# Print and share precious memories in an instant with the Canon Zoemini, Canon’s smallest and lightest photo printer



## Canon Rumors Guy (Aug 3, 2018)

> *United Kingdom, Republic of Ireland, Thursday 2nd August 2018* – Canon Europe has today unveiled the Canon Zoemini, a lightweight, pocket size and portable photo printer, featuring ZINK™ (zero ink) technology. The Canon Zoemini connects seamlessly to the Canon Mini Print app via Bluetooth® for instant printing of photos and social media snaps in a matter of seconds. The Canon Zoemini prints out personalised 2×3 inch (5 x 7.6cm) photos, straight from a mobile phone, tablet or social media apps.
> 
> The Canon Zoemini is the perfect accessory for people who enjoy printing and sharing special moments with family and friends, wherever the mood takes them. The Canon Zoemini will inspire people to unleash their creativity, thanks to an abundance of on-trend filters, frames and AR effects through the Canon Mini Print app, free to download from the App Store and Google Play from 5th September 2018.
> Whether it’s a special...



Continue reading...


----------



## magarity (Aug 3, 2018)

Is this using the same underlying technology as the Fuji instant cameras? The size of the print is about identical.


----------



## LDS (Aug 4, 2018)

AFAIK all devices licensing the "ZINK" technology are quite alike, but I think Fuji uses the same tech. IIRC Fuji came first, but I could be wrong.


----------



## fullstop (Aug 5, 2018)

typical me2 product. Probably made by the same chinese supplier doing the Fuji-branded units. 

Had "innovative" Canon decided to implement direct link to their EOS M50 camera - in lieu of offering an utterly unneeded version in "rose gold/white" - I might have considered purchase. But oh no! This would be "real life useful" and "innovative" Canon does not want this to happen! Therefore, camera has bluetooth built in, printer has bluetooth built-in, but "innovative" Canon still implements a mandatory "smartphone DETOUR" to print out images. 

Thanks, but no thanks, "innovative" Canon.


----------



## Dekaner (Aug 6, 2018)

Would love to be able to print directly from the camera. Having to transfer from camera to phone and phone to printer is a deal breaker.

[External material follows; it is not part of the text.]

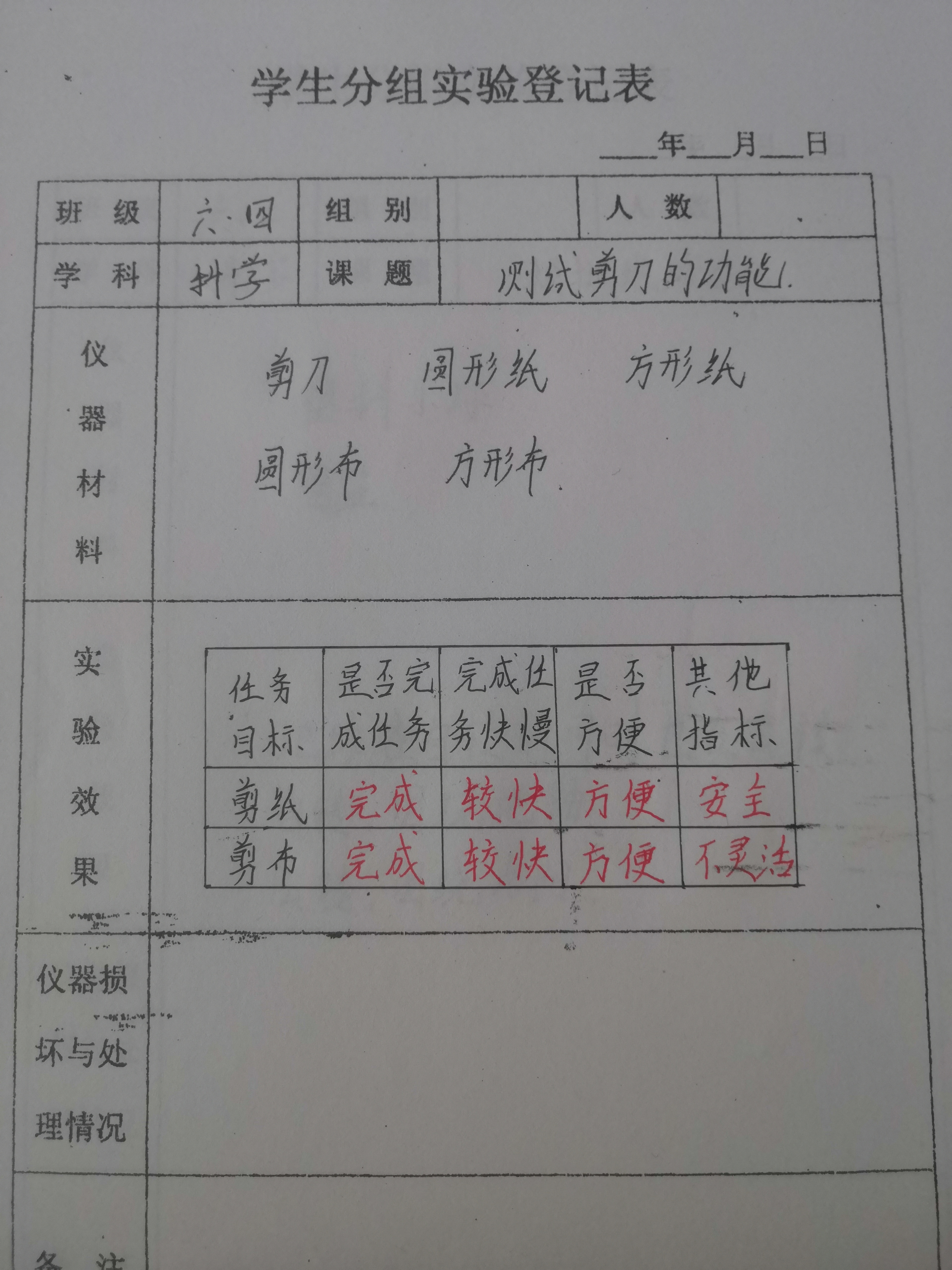 实验登记表

The whole point of these is to be able to print in the moment.


----------



## justawriter (Aug 6, 2018)

Is this just the Euro version of the Ivy printer Canon released in the US earlier this year?


----------



## fullstop (Aug 7, 2018)

justawriter said:


> Is this just the Euro version of the Ivy printer Canon released in the US earlier this year?



yes, looks like it. Specs are identical. Including version in stupid rose gold. well spotted.
https://petapixel.com/2018/04/19/canon-unveils-ivy-a-mini-photo-printer-thats-completely-wireless/


----------